In response to an email from Rolling Stone, Bankston wrote: “I appreciate you reaching out, but we have no public comment at this time.” A spokesman for the Jan. 6 committee declined to comment on this story.

The contents of the phones described to Rolling Stone echo other reports of Jones’ marital behavior. Sometime in 2019, Jones hired a private investigator to follow Wulff Jones. That August, the private investigator called police to report Alex Jones’ concerns that Wulff Jones may have been “suicidal” and “intoxicated.” Police arrested Wulff Jones and charged her with driving while intoxicated. She is still awaiting trial.

Bankston claims that Alex Jones’ text messages revealed instances of him invading his wife’s privacy. The attorney said last month that Jones had shared an “intimate photo” of Wulff Jones with former Trump political advisor Roger Stone. “I don’t know if that was consensual,” Bankston said of the exchange. “And if it wasn’t consensual, and Mrs. Wulff Jones should know about that.” In a subsequent interview with Insider, Wulff Jones said she was “unaware” of the exchange and that she is “upset that he took privilege to send the image to someone without my knowledge.”

Disputes between Alex and Kelly Jones have, arguably, been even more intense. Alex Jones’ custody battle with his ex-wife has been a bitter, years-long court battle. The two married in 2007 and had three children before she filed for divorce in 2013. Alex Jones lost primary custody of the couple’s three children in 2017, when a judge granted Kelly Jones shared custody and the right to determine where their children live.

The couple’s oldest son has since turned 18 but Kelly Jones has repeatedly sought to gain greater custody rights of their two daughters. In one of the most recent legal battles between the two, Jones’ ex-wife sought to gain custody of their children for two weeks following the InfoWars host’s appearance at a rally protesting COVID-19 restrictions at the outset of the global pandemic in 2020. The emergency request—subsequently denied by a judge—asked the court to send the couple’s daughters to their mother to protect them against a potential COVID-19 infection following his exposure to a crowd of protesters.

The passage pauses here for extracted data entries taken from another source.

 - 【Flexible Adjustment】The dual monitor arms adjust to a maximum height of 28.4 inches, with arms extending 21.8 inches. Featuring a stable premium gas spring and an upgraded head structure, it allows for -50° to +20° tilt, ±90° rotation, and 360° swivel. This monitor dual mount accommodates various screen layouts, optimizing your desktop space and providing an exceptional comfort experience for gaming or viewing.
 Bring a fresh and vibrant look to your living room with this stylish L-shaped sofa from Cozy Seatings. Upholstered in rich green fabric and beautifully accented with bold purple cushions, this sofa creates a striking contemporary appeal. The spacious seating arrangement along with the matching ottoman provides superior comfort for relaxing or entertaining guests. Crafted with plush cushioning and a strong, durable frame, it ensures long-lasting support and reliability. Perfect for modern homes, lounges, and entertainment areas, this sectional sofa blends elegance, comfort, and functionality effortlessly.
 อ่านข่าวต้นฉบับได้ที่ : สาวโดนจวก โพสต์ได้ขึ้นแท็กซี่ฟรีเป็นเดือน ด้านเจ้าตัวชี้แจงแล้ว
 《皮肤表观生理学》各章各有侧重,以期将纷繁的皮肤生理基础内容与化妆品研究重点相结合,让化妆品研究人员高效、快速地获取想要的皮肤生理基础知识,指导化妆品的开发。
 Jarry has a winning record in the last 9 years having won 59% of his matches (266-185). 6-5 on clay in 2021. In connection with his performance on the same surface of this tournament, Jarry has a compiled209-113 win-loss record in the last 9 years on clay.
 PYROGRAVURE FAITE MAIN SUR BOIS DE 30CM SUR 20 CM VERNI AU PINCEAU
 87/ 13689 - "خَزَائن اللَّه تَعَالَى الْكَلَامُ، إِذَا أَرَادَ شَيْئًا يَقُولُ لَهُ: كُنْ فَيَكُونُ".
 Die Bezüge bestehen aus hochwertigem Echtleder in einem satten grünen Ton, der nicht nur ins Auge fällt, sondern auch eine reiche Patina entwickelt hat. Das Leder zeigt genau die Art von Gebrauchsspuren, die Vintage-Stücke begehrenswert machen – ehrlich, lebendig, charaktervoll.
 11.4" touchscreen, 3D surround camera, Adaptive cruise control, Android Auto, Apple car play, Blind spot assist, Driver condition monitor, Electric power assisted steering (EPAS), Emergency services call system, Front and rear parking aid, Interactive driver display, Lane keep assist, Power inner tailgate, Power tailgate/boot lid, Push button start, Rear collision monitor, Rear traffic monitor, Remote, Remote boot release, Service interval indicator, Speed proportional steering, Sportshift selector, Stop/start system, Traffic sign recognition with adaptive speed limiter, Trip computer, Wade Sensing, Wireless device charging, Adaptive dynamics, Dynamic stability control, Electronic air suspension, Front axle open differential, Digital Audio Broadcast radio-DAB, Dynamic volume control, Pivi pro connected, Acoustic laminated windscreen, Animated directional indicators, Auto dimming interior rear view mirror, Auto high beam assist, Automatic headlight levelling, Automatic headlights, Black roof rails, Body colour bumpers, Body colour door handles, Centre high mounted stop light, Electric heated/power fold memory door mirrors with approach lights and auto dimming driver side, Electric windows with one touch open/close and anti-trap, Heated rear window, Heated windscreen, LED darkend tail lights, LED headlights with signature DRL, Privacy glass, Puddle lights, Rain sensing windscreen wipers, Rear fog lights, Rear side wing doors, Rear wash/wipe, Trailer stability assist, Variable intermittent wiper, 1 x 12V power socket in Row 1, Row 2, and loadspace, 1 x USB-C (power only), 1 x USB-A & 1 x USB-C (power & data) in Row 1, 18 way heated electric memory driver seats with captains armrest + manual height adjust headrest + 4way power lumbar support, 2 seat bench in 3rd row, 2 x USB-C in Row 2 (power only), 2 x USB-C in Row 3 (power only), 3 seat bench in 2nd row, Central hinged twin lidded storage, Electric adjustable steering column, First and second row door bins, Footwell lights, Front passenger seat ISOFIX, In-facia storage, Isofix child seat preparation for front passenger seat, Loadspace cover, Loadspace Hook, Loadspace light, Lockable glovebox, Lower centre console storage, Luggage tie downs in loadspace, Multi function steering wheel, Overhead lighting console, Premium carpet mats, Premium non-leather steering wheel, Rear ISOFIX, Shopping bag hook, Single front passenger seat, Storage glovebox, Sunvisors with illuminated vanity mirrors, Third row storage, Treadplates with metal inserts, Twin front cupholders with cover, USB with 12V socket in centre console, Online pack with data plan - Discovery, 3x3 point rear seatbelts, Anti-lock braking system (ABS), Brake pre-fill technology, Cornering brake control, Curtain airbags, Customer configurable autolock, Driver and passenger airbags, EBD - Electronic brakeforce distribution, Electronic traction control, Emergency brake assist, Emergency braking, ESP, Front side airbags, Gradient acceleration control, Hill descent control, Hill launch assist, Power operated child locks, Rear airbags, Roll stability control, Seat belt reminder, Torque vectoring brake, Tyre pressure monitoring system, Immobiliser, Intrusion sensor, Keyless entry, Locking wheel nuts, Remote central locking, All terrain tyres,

Kelly Jones in 2020 sought a similar emergency request for the court to remove their children from Alex Jones’ home after he was arrested for driving while intoxicated a month earlier. A judge did not remove the children from his home but did require him to submit to a drug and alcohol test. In 2021, after a judge ordered Jones to stay away from his ex-wife, he hired a helicopter to circle over Kelly’s home, an act she claimed was “terrifying” to the couple’s daughter.

After Bankston revealed that Alex Jones’ attorneys had accidentally sent his phone records to the Sandy Hook parents’ attorneys, Kelly Jones said that her attorneys would try to subpoena the data for use in her custody litigation. “It’s not even about my kids, it’s about control,” she told Insider. “Controlling me.”